Big Model Testing
This space aims to outline the proposed testing methodology for validating future Big Models.
The test should address 2 scenarios:
Mutually exclusive classes: Models tested against each other should have little to no semantic overlap between them. This should be an extremely easy measurement to pass.
ex:
Source code, W2, Resume, Contract, Obituary.
Semantically similar classes: Models tested against each other should have considerable overlap. This is a much harder measurement of accuracy, the exact accuracy value is dependent on the testing set and how difficult it might be for even a human to tell the difference between documents.
ex:
Python 2.7, Python 3.9
contract amendment, contract addendum
affidavit of marriage, affidavit of support
Steps 2 - 5 of the testing process below should be carried out for each scenario.
Testing process:
Topos generates German and Spanish Big Models using a corpus gathered by Topos engineers. This building process is identical between supported language types.
Dictioneers of the respective languages will build 10 models per language, which will be determined by referencing an English counterpart (chosen at later date) of 5 Topics and 5 Skills.
Each model will be validated as the English models are validated in-house today, a testing process where positive and negative testing documents are used to determine accuracy of the model.
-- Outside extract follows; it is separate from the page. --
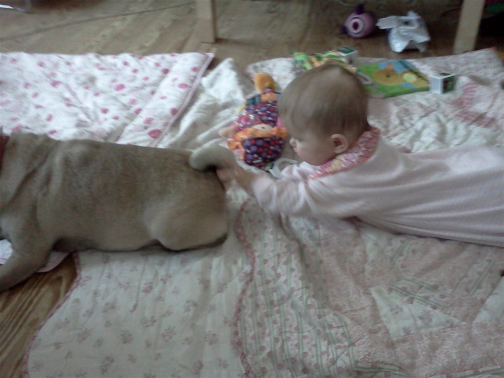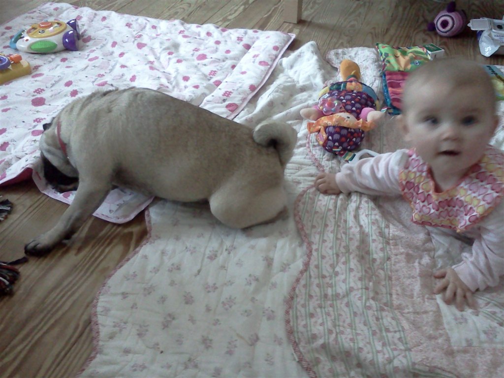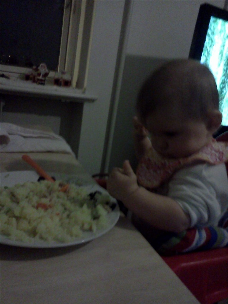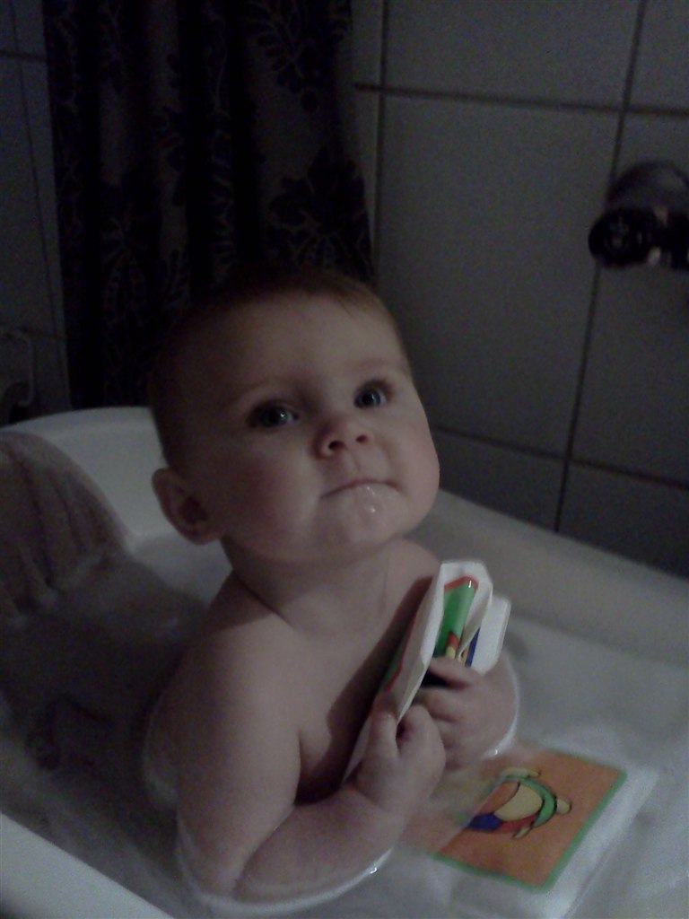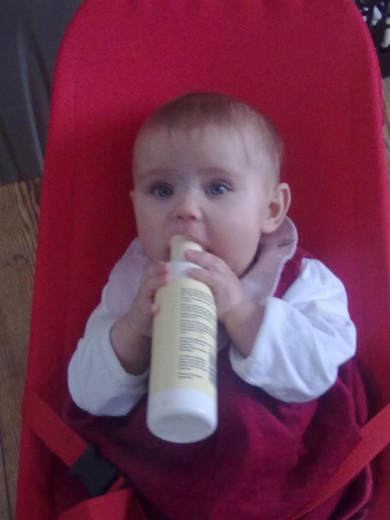 Nå men hun sidder nu helt selv (og mig som troede, at hun aldrig ville lærer det) og hun "kravler". Det vil så sige, at hendes måde at kravle på er, at hun stiller sig op på alle fore og kaster sig frem, op på alle fire igen og kaste sig ned osv osv

Requires a minimum F1 score of 0.85 in order to proceed to Global Testing.
Each Skill (Topics are excluded in this step) must then receive a minimum F1 score of 0.85 in Global Validation, a testing process where models compete against each other to determine if the correct answer is the highest model chosen.
Note: Global Validation is not applicable to Topic accuracy, it measures the top N results as the correct answer, which is not true for subject matter - a document can be about multiple things, meaning the top N results could all be correct.
If all 10 models (5 topics, 5 skills) pass these criteria, it can be considered that the accuracy of the underlying language’s Big Model (Spanish and German) is comparable to the English Big Model.
Selected Models for German/Spanish:
First 5 Skills to Build:
Income Tax Return Form (Form 1040 US equivalent for target language)
Non-Disclosure Agreement
Curriculum Vitae
Articles of Incorporation
Obituary
Additional 5 Skills to Build:
Articles of Organization
Residential Lease
Job Description
Non-Compete Agreement
Tax Withheld Form (Form W-2 US equivalent for target language)
First 5 Topics to Build:
Business – Marketing & Sales
Family & Parenting – Life Insurance
Government & Politics – Climate Change
Computers & Electronics – Cybersecurity
Food & Drink – Coffee & Tea
Additional 5 Topics to Build:
Business – Financing
Business – Mergers & Acquisitions
Economics & Finance - Accounting
Government & Politics – Infrastructure
Government & Politics – Healthcare
Selected Models for UK/Aus English:
Skills
Curriculum Vitae
Obituary
Job Description
Restaurant Menu
Staff Directory
Topics
Business – Marketing & Sales
Family & Parenting – Life Insurance
Government & Politics – Climate Change
Computers & Electronics – Cybersecurity
Food & Drink – Coffee & Tea
For the UK/Aus english test, it is hard to tell if a document is Australian or from the UK if there are no words found from the dialect - this is because on paper they are close to identical. The skills and topics chosen should contain enough differences (like phone numbers or addresses in a Staff Directory) to show that they are not American documents.
Requirements for the UK / Australian Dialect tests - “achieve better than 90% accuracy (course granularity) in the first pass and better than 80% accuracy where there is competition between documents in subsequent passes”.